高揚していた気分が、一気に下がるのを感じる。

 ふてくされているカンナを他所に、つきあたりの階段からものすごい音を立てて、恰幅のいい女性が駆け下りてくる。

 恰幅のいい女性は、カンナの前で跪き、カンナに対し質問する

「これはこれは、カンナ様、この度は当温泉になにか御用でしょうか?」

「...えっと、昨日ここをお勧めされたから、温泉に入りに来たんだけど」

「そうでございましたか!、それではすぐに準備させていただきます1」

 そう言うとまたどこかへと凄い音を立てて走り去ってしまった。

 カンナはすでに投げやり状態になり、半ば諦めかけていた。


 




 「............」

  シズクがジーと自分の体を凝視してくるものだから、カンナは思わず頬を赤らめる。お互いに衣服を脱いで裸ているせいで、かなり寒い。それでも、シズクはカンナの体を凝視したまま動かない。カンナはすでに羞恥の限界だった。

「あの、シズク、そんなにジロジロみられると恥ずかしいんだけど.....」

「..........」

「ねえ、シズ...」

「傷」

「あっ....」

「傷、すごく増えてる」

「.....それは」

 脱衣所のタオルを体に巻いて、シズクから傷を見えないように取り繕うが、すでに手遅れ。

「その傷、きえないんだね」

「うん.....」

 それは、数か月にわたってつけられた拷問の痕、首から下はそれはそれは酷いものだった。背中には刃物でつけられたような一文字の深い傷があり、体のところどころは赤黒く変色していた。普通に生きていては決して付けられることのない生生しい傷たち、それを見るだけでシズクにはカンナがどれ程の苦しみの中にあったかは、容易に想像が付く。

 対して自分の体はどうか、カンナに庇われ、傷一つないきめ細やかな肌。自分の分の傷までカンナに押し付けてしまっている自分に腹がたって仕方がなかった。

「カンナ、私、責任とるから」

「え?責任ってなんの?」

「全部カンナに押し付けた責任」

「それは、私が勝手にしたことだよ、シズクが責任とる必要なんてないよ」

「ううん、私の責任、だから、もし、カンナが誰のものにもならなくても、私はずっとそばにいるから」

 最後まで一緒にいてくれる、その言葉に思わず涙しそうになったが、ここで大事なことを思い出す。

「でも、シズク、私、すでに『ハク』の....」

「そいつの名前をださないで」

「はい」

 万物を射殺さんとする目でにらまれて、口の噤む。普段のおひとやかシズクからは考えられない程の覇気に、自分に向けられたものではないとわかっていてもたじろいでしまう。

「...あいつは、いつか....」

 全鹿人の神に対して何やら不吉な言葉が聞こえたきがしたが、カンナは何も聞かなかったことにした。これ以上はシズクの琴線にふれそうだったからだ。


 一悶着はありはしたが、カンナたちは無事に露天風呂の扉を開る。

 「「わぁ」」

 二人の声が重なる。

 目の前に広がる光景に二人は目を光らせる。

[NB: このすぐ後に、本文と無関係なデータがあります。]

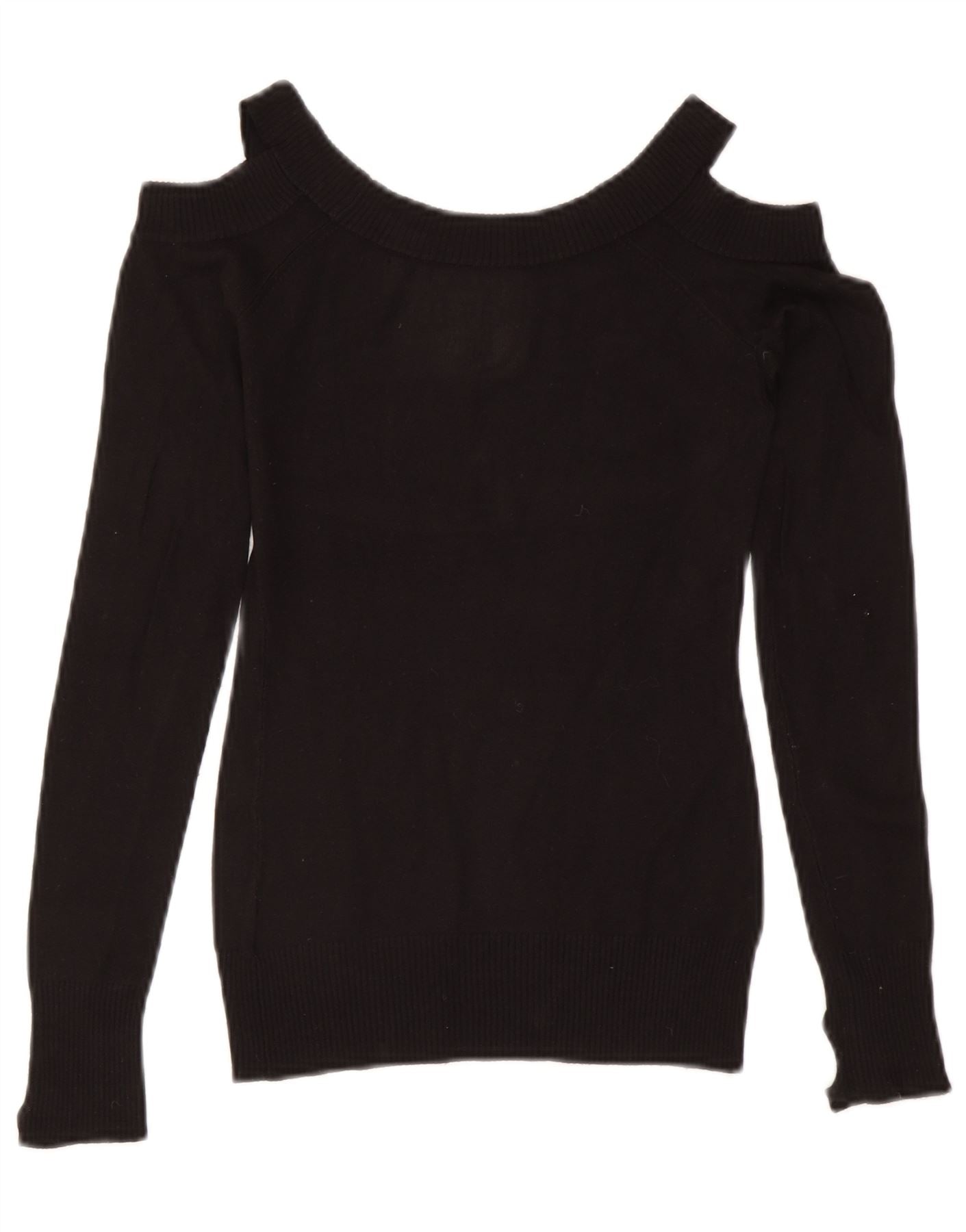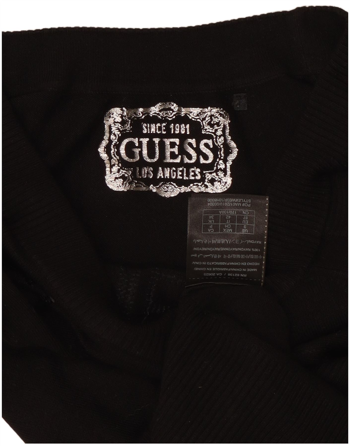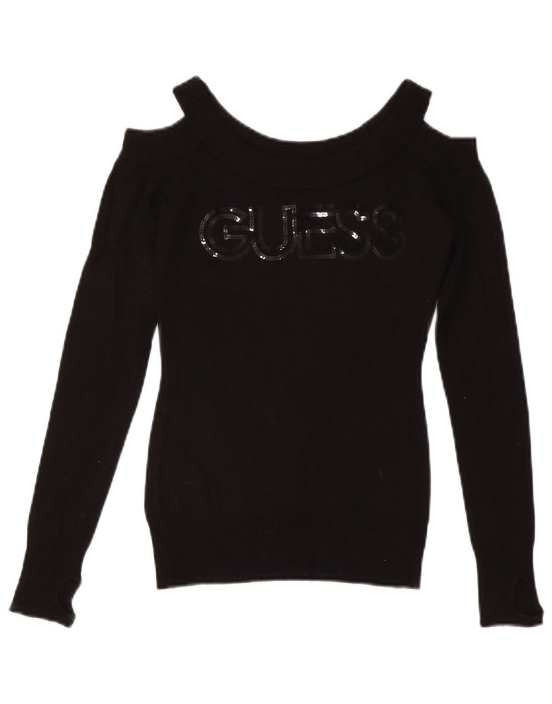 Damski sweter GUESS z graficznym dekoltem w łódkę, UK 8, mały, czarny

床下が見える程に、信じられないぐらい透明な温泉、そこに散りばめられた紅の椿、温泉と花の香りが入交り、所どころには机と傘が配置されており、ほかの鹿人たちも湯舟につかりながら昼酌を楽しんでいた。

 街のお風呂などくらべものにならない温泉に感動するカンナとシズク、花の香りの包まれながら温泉に浸かると、体の芯まで癒されるよう、それこそ、体が溶け出し、湯舟と一体になるような感覚に、すこし酩酊する。

 まだ日は上りきっておらず、今日はまだ早いというのに、昼酌を嗜む人が大勢いるのもわかるきがする。少しだけ脳の理性が落ち、皆で心おきなく過ごせる場所には、酔いというものが欲しくなる。

 せっかくなのでカンナたちも、お酒を飲むことにした。

 

 豪華な陶器に入れられて運ばれてきたお酒は、ここの温泉に勝るとも劣らない程の透明度を持つそれはそれは美しい酒だった。

 豊賀という名前の、果実味のある香りが特徴なのだと、持ってきてくれた従業員が言っていた。

 確かに、麝香葡萄の様な香りのするお酒で、すっきりとした甘みがあった。

 シズクと乾杯をして口に含むと、葡萄酒の様な甘やかな味わいで、透き通るようなくちどけだった。

 

その後も、二人で酒を飲みかわし、会話を楽しむ。

 それが終わりを告げたのは、シズクがのぼせてしまい、倒れてしまった時だった。この時、既に時刻が15時をすぎていた。